The Scientists from Institute of Zoology CAS just discovered that the diamondback moth can use a bitter gustatory receptor, PxylGr34, to detect the plant hormone brassinolide and 24-epibrassinolide, which was recently published in eLife online (https://elifesciences.org/articles/64114).
Figure 1 A screenshot of the webpage where the paper is published
Phytophagous insects have sophisticated taste systems to recognize plant primary and secondary metabolites, which direct their feeding and oviposition behavior. The taste sensilla of insects are mainly situated on the mouthparts, tarsi, ovipositor, and antennae (Bernays and Chapman, 1994). These sensilla take the form of hairs or cones with a terminal pore in the cuticular structure, and often contain the dendrites of three or four gustatory sensory neurons (GSNs).
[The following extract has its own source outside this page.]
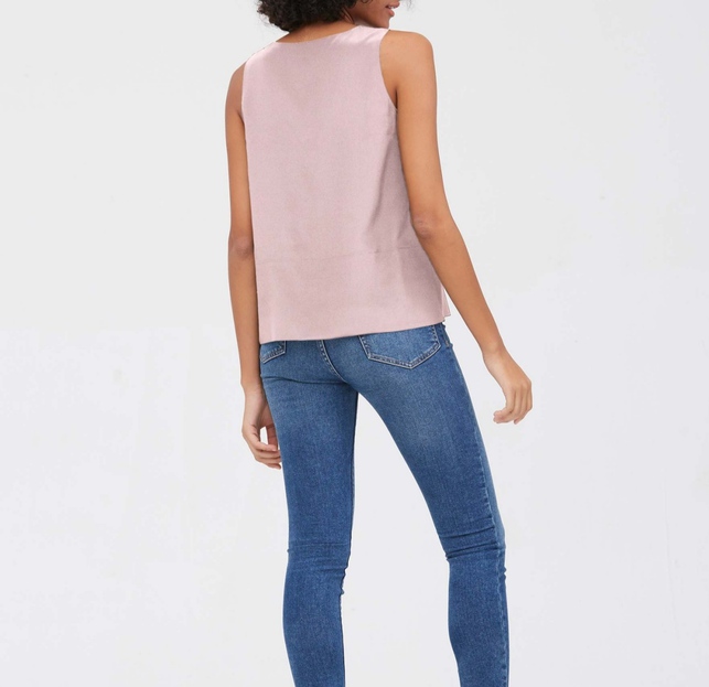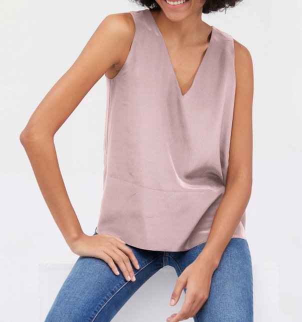 Елегантна блузка-топ від K&A виконана з якісного шовку. Приємний до тіла, гладкий матеріал із легким глянцевим блиском виглядає ефектно та дорого, а вільний крій не стискує рухів. Безперечною перевагою є ніжний відтінок лотоса, який освіжає й дозволяє візуально скинути кілька років, роблячи жінку молодшою та чарівною. Блузка має V-подібний виріз, який робить шию зорово довшою, а володарку – граціознішою. У такому виробі ніколи не відчуття дискомфорту навіть у найспекотніший день – блузка стане улюбленою річчю в гардеробі, поєднуючись із джинсами, шортами, спідницями та брюками.

GSNs coding for feeding/oviposition deterrents have been identified in maxillary sensilla in larvae and tarsal sensilla in adults of many Lepidopteran species. However, the molecular basis of these deterrent neurons remains unclear.
Plutella xylostella is a worldwide Lepidopteran pest species. It mainly uses Brassica species as its host plants. To reveal the underlying molecular mechanisms of host plant selection by this species, Prof. Chen-Zhu Wang and his team began to explore the function of GRs in this species three years ago. Through RNA sequencing and qPCR, they detected abundant PxylGr34 transcripts in the larval head and adult antennae. Functional analyses using the Xenopus oocyte expression system showed that PxylGr34 is tuned to the canonical plant hormones brassinolide (BL) and 24-epibrassinolide (EBL) among 24 phytochemicals. Electrophysiological analyses revealed that the medial sensilla styloconica of 4th instar larvae are responsive to BL and EBL. Dual-choice bioassays demonstrated that BL inhibits larval feeding and female oviposition. Knock-down of PxylGr34 by RNAi attenuates the taste responses to BL, and abolishes BL-induced feeding inhibition.
Figure 2 Taste perception and behavioral responses of the diamondback moth to brassinolide and 24-epibrassinolide
They conclude that the gustatory receptor PxylGr34 mediates the aversive feeding/oviposition responses of P. xylostella to the BL and EBL. These findings increase our understanding of how herbivorous insects detect “bitter” compounds in plants, and would be useful for designing plant hormone-based pest management strategies.
Dr. Ke Yang, the first author of this paper is a postdoc in Chen-Zhu Wang’s laboratory. Other members, Xin-Lin Gong, Guo-Cheng Li, Ling-Qiao Huang, and Chao Ning also contribute to this work, and Prof. Chen-Zhu Wang is the corresponding author. This work is funded by the National Key R&D Program of China (Grant No. 2017YFD0200400), National Natural Science Foundation of China (Grant No. 31830088), and China Postdoctoral Science Foundation (Grant No. 2019M660792).